Table 5. Model performance for supratherapeutic.

Models		Precision, %	Recall, %	F1 score, %
Data set 1: MIMIC-III^a (intravenous push patients)
	Random forest	75.95	75.00	75.47
	Adaptive boosting	67.37	80.00	73.14
	Support vector machine	100	57.50	73.02
	Extreme gradient boosting	80.77	78.75	79.75
	Shallow neural network	88.00	82.50	85.16
Data set 2: MIMIC-III (intravenous drip patients)
	Random forest	67.50	54.00	60.00
	Adaptive boosting	75.00	72.00	73.47
	Support vector machine	100	58.00	73.42
	Extreme gradient boosting	76.47	78.00	77.23
	Shallow neural network	86.54	90.00	88.24
Data set 3: eICU^b (intravenous drip patients)
	Random forest	63.64	87.50	73.68
	Adaptive boosting	75.00	87.50	80.77
	Support vector machine	95.24	83.33	88.89
	Extreme gradient boosting	81.48	91.67	86.27
	Shallow neural network	95.45	87.50	91.30

^aMultiparameter Intelligent Monitoring In Intensive Care III database.

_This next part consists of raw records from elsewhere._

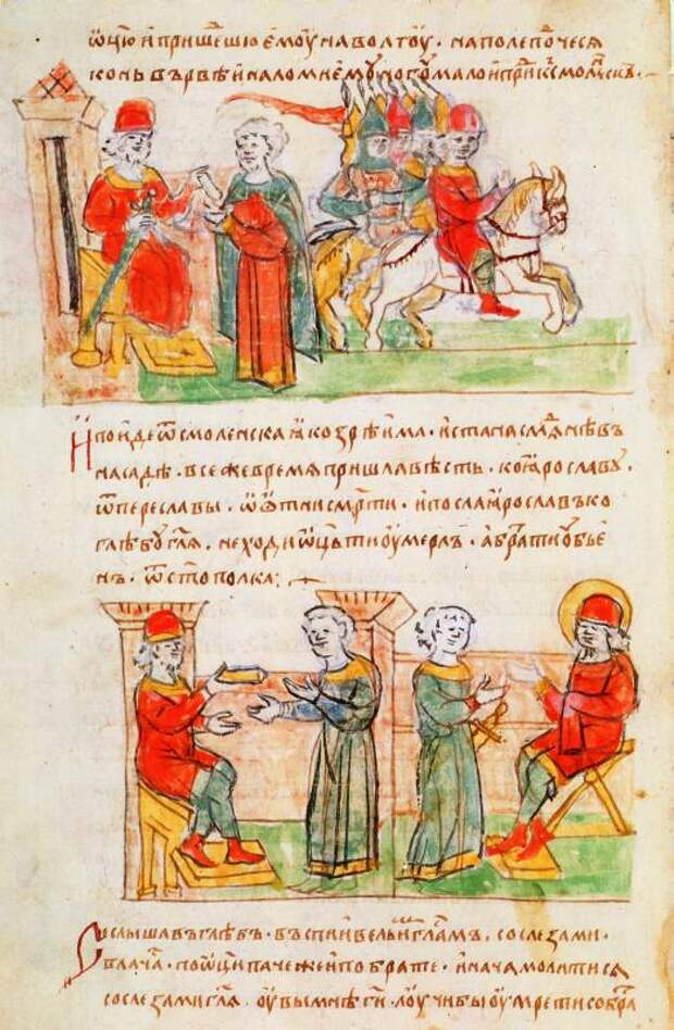 Убиение Святополком кроткого Бориса и посылка убийц к Глебу ясно показывали Ярославу, что очередь скоро дойдет и до него>> [578], кн.1, с.218-224. Описанные события произошли будто бы в 1015 году.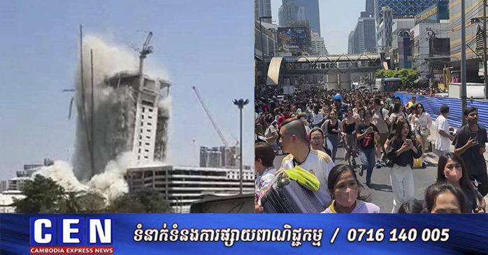 រាជធានីបាងកក នៃប្រទេសថៃ បានជួបគ្រោះរញ្ជួយដីកម្រិតធ្ងន់៧.៣រ៉ិចទ័រ នៅថ្ងៃសុក្រទី២៨ខែមីនាឆ្នាំ២០២៥ បង្កការភ័យស្លន់ស្លោ ខណៈមនុស្សមួយចំនួនរត់ចេញពីអគារ រកកន្លែងសុវត្ថិភាព។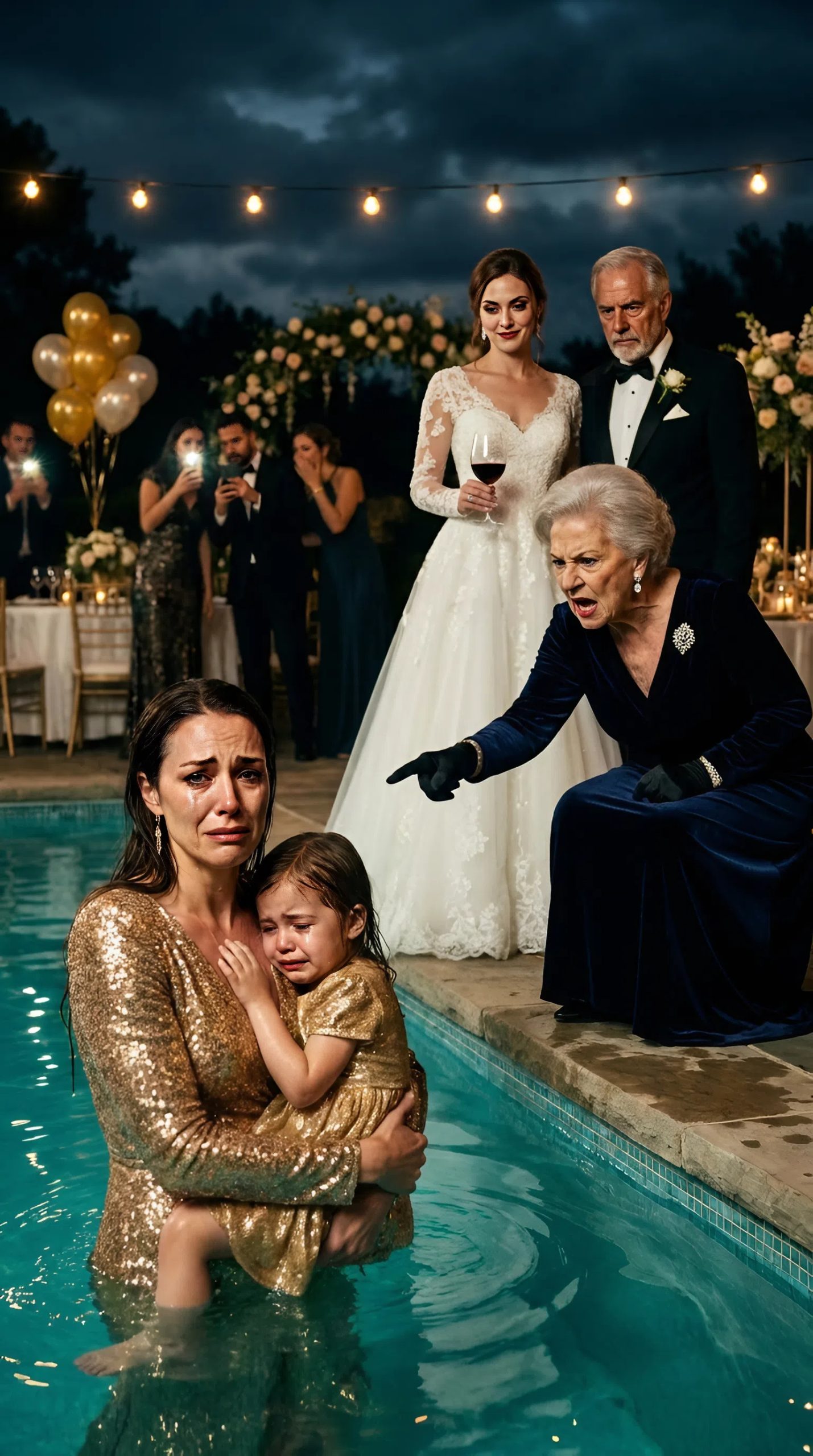 Qualcuno iniziò ad applaudire lentamente. Un applauso ironico, crudele, che presto si diffuse tra la folla. Ridevano. Gli ospiti eleganti del club circondavano la fontana con i loro calici in mano, ridendo di una madre fradicia e ferita e della sua bambina terrorizzata.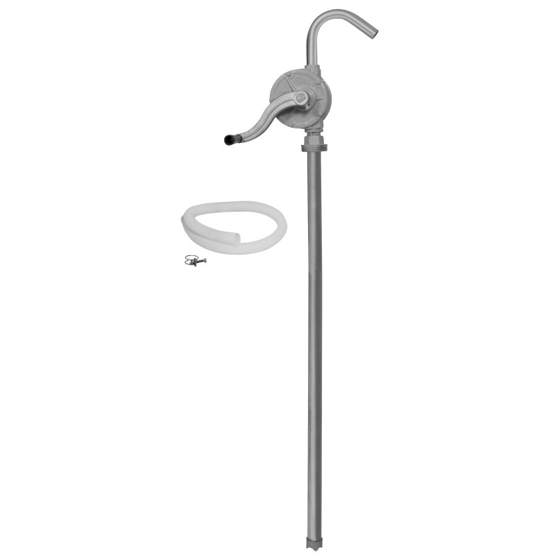 Bomba autoaspirante manual de fundición con accionamiento rotatorio para transvase de gasóleo, petróleo, aceite y otros fluidos no corrosivos de baja viscosidad. Incorpora: cuerpo de bomba realizado en hierro fundido y eje en acero, adaptador 2” BSP (M) ajustable en altura para fijación a bidón, tubo de succión realizado en 3 piezas (para utilización en bidones de 25, 50 o 205 l) y flexible de salida de 1 m. Entrega 0,3 l por revolución.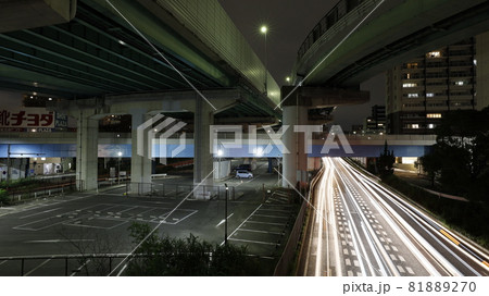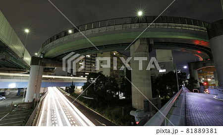 名古屋第二環状自動車道本線と支線を接続する名古屋市の上社ジャンクションの夜景と、車の光跡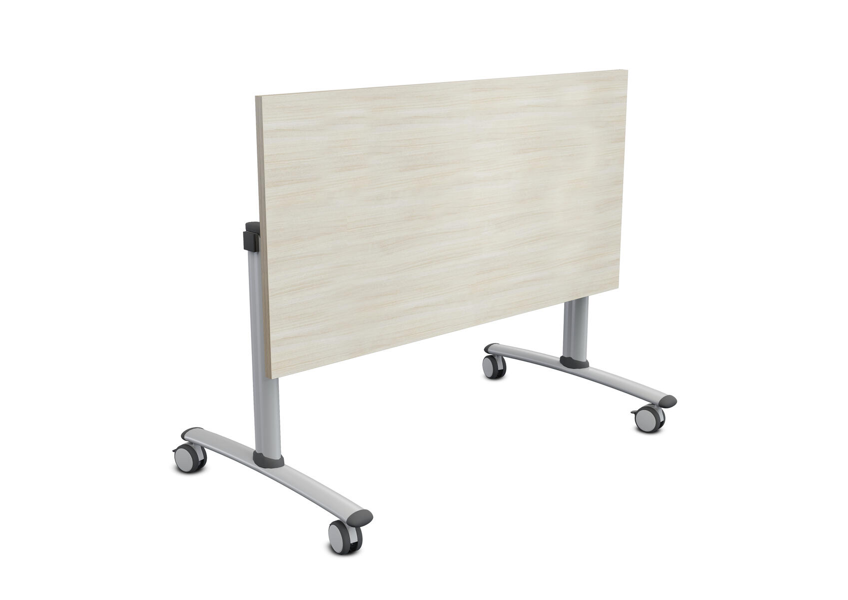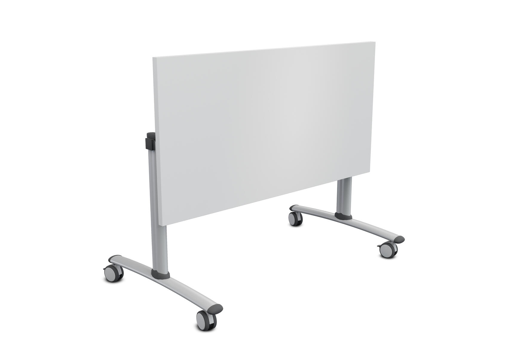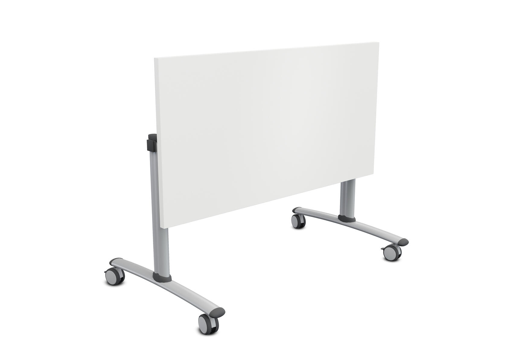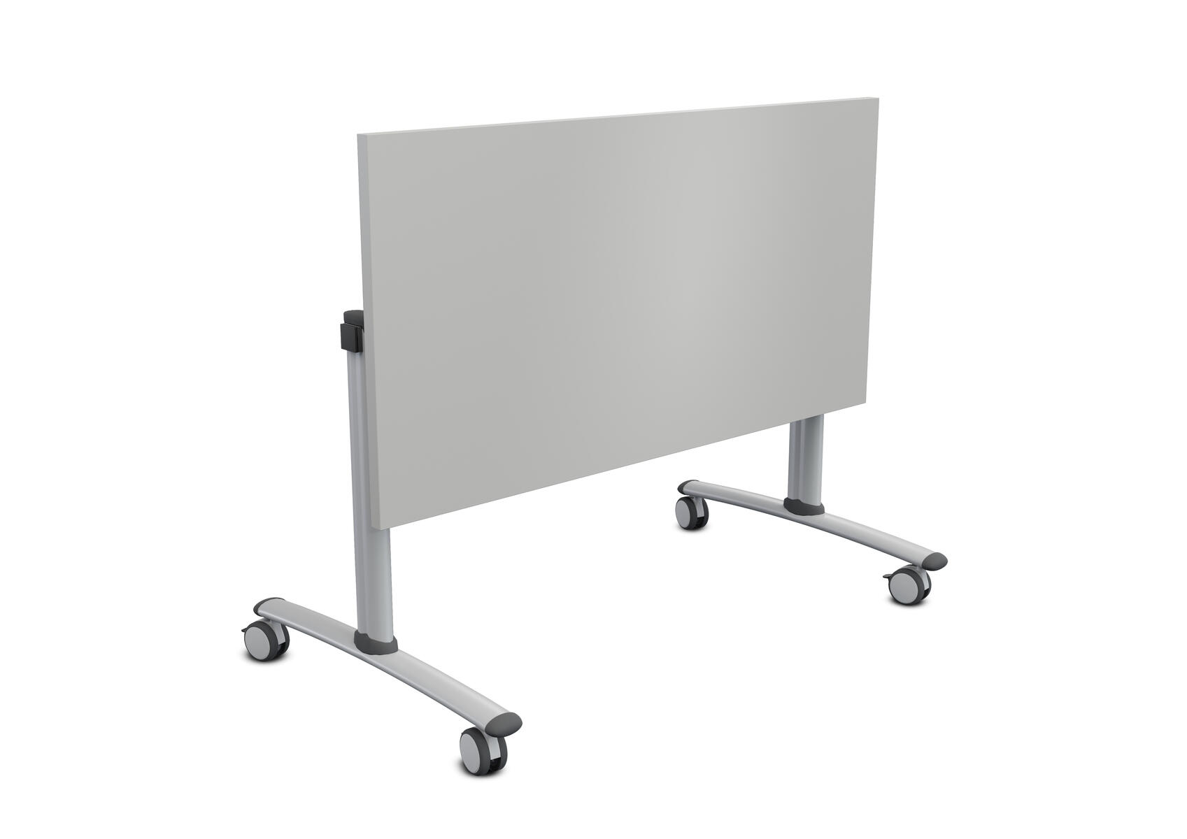 Bord med fällbar skiva som enkelt går att fälla upp eller ned genom att dra i två handtag på undersidan av bordsskivan. Skiva i akustiklaminat. Höjd 72 cm. Silverlackerat stativ i RAL 9006 med fyra låsbara hjul.

^beICU: e–Intensive Care Unit database.

Principal Results

In our experiments, the neural network achieved the highest scores for all evaluation metrics. The neural network model uses multiple layers to progressively extract higher level features from the raw data which might be the reason that the neural network is able to learn some unknown features that help to provide a better classification of normal therapeutic activated partial thromboplastin time. Since different features may be correlated (such as the creatinine value and aspartate aminotransferase), linear classification models are not appropriate. Random forest, adaptive boosting, and extreme gradient boosting are ensemble learning methods. By integrating weak classifiers, classification performance was greatly improved. The support vector machine with Gaussian kernel is a widely used and powerful classifier. Gaussian kernels ensure that the classifier is nonlinear, which suited the characteristics of our data, and the method was able to demonstrate high performance; however, the neural network model was able to take into account complex relationships between the variables with complex functions. Among the methods tested, the shallow neural network performed the best. The shallow neural network achieved performance approximately 10% higher than that of the other algorithms for each metric (precision, recall, F1 score, and accuracy) in intravenous push cases (data set 1) and achieved performance approximately 9% higher than that of the other algorithm metrics in intravenous drip cases (data set 2 and data set 3). Extreme gradient boosting, adaptive boosting, and the support vector machine were the models that subperformed to the shallow neural network although their scores were, nevertheless, all above 70%. The random forest model demonstrated the worst performance.

As a result of its relative high accuracy, this shallow neural network model should be able to recommend doses better than the heparin dosage guidelines which only take patient weight into account.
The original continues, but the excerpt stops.